**What you are asked to do:** Here the job is to transcribe the data verbatim while leaving each picture out.
[[ Exercise inputs open ]]
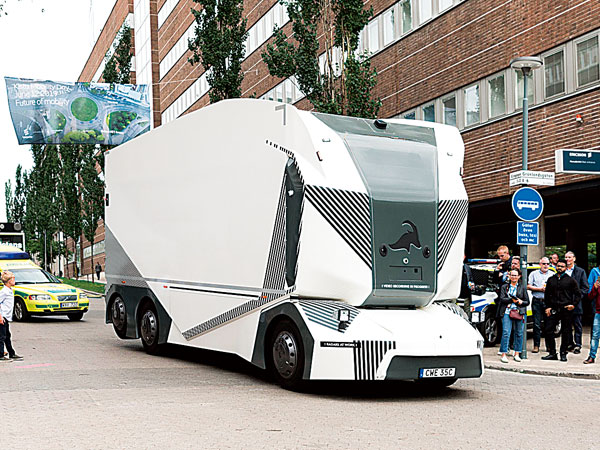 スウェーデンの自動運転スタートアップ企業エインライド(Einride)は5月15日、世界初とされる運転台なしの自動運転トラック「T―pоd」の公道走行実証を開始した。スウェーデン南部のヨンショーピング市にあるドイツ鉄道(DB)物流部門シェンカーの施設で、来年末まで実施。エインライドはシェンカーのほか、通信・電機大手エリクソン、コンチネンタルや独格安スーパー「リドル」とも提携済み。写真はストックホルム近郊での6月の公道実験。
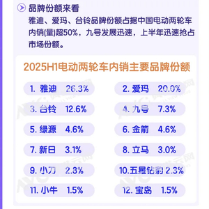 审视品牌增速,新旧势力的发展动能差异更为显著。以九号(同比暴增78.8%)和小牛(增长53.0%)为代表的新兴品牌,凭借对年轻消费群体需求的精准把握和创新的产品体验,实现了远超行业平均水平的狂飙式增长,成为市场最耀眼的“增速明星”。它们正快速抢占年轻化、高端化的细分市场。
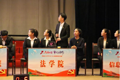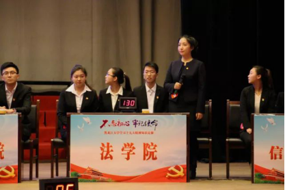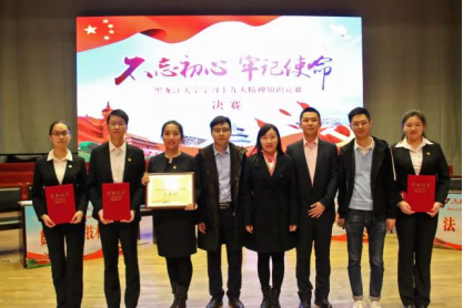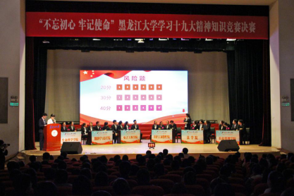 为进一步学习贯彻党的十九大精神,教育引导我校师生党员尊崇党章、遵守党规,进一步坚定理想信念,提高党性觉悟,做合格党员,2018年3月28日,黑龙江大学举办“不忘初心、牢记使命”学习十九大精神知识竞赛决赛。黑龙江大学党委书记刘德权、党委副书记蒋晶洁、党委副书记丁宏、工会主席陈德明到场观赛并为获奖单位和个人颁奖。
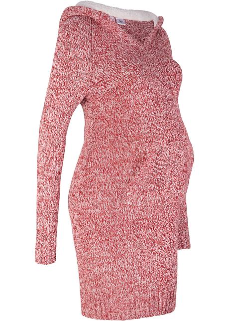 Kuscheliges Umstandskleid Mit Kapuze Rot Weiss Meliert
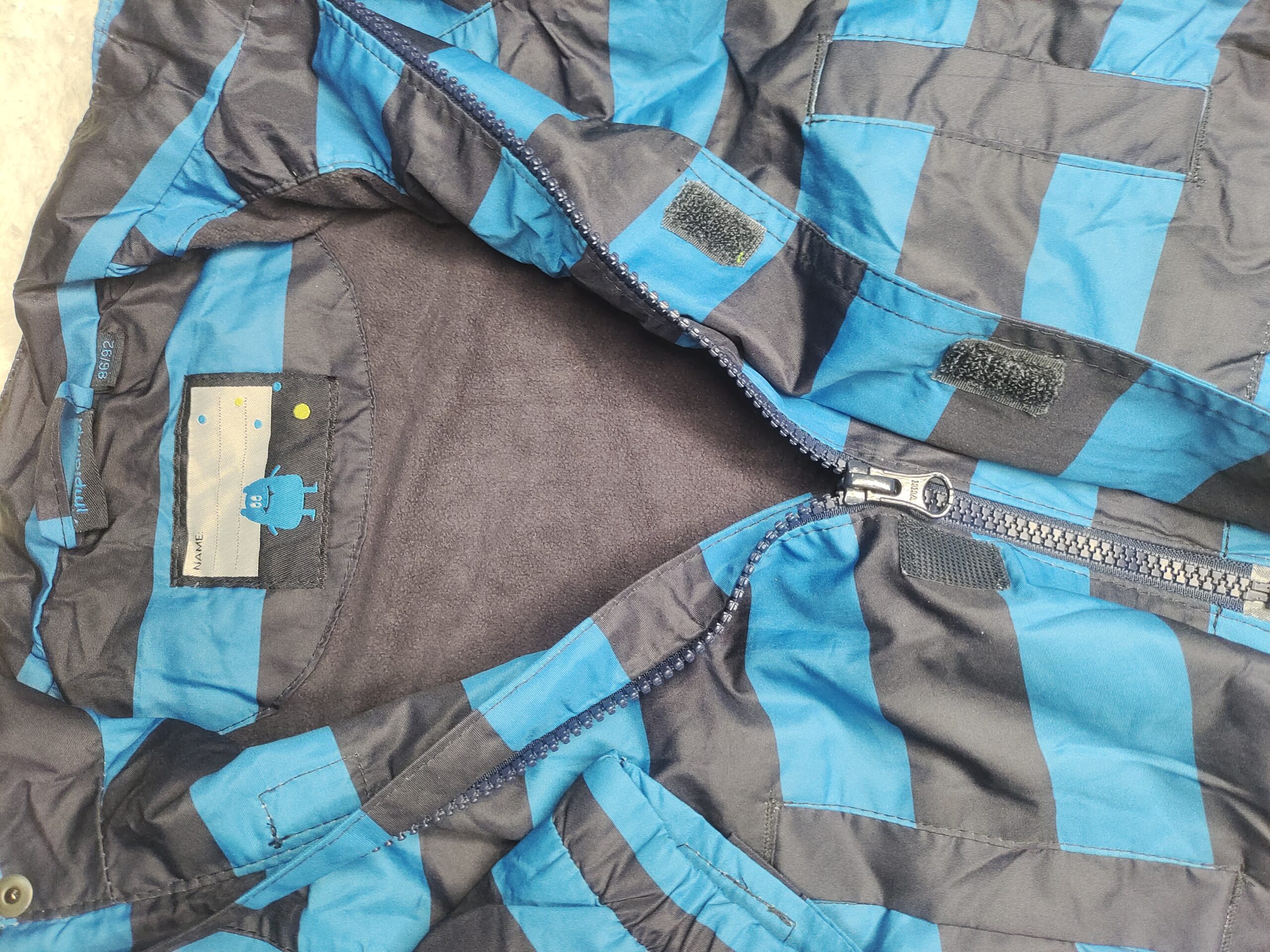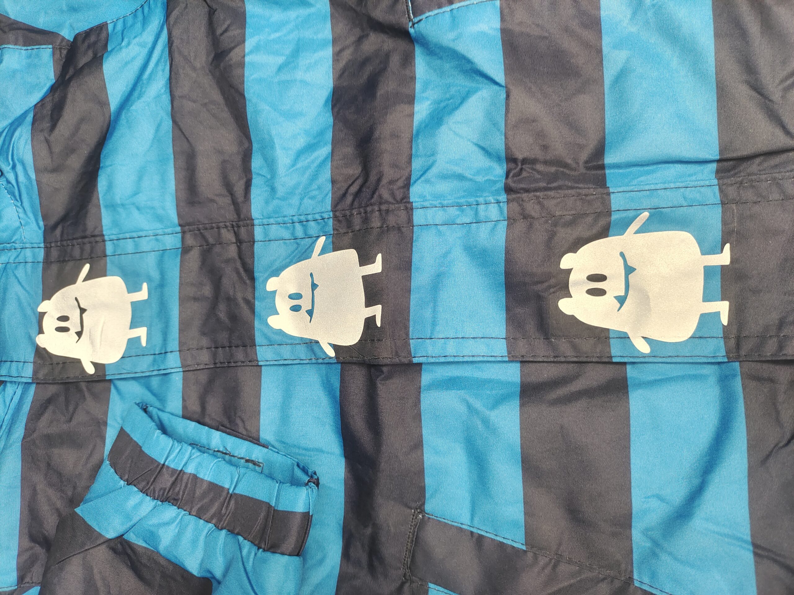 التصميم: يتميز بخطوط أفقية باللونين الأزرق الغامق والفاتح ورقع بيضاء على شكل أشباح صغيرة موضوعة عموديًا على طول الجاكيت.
[[ Exercise inputs closed ]]
**Answer to this task:**
 スウェーデンの自動運転スタートアップ企業エインライド(Einride)は5月15日、世界初とされる運転台なしの自動運転トラック「T―pоd」の公道走行実証を開始した。スウェーデン南部のヨンショーピング市にあるドイツ鉄道(DB)物流部門シェンカーの施設で、来年末まで実施。エインライドはシェンカーのほか、通信・電機大手エリクソン、コンチネンタルや独格安スーパー「リドル」とも提携済み。写真はストックホルム近郊での6月の公道実験。
 审视品牌增速,新旧势力的发展动能差异更为显著。以九号(同比暴增78.8%)和小牛(增长53.0%)为代表的新兴品牌,凭借对年轻消费群体需求的精准把握和创新的产品体验,实现了远超行业平均水平的狂飙式增长,成为市场最耀眼的“增速明星”。它们正快速抢占年轻化、高端化的细分市场。
 为进一步学习贯彻党的十九大精神,教育引导我校师生党员尊崇党章、遵守党规,进一步坚定理想信念,提高党性觉悟,做合格党员,2018年3月28日,黑龙江大学举办“不忘初心、牢记使命”学习十九大精神知识竞赛决赛。黑龙江大学党委书记刘德权、党委副书记蒋晶洁、党委副书记丁宏、工会主席陈德明到场观赛并为获奖单位和个人颁奖。
 Kuscheliges Umstandskleid Mit Kapuze Rot Weiss Meliert
 التصميم: يتميز بخطوط أفقية باللونين الأزرق الغامق والفاتح ورقع بيضاء على شكل أشباح صغيرة موضوعة عموديًا على طول الجاكيت.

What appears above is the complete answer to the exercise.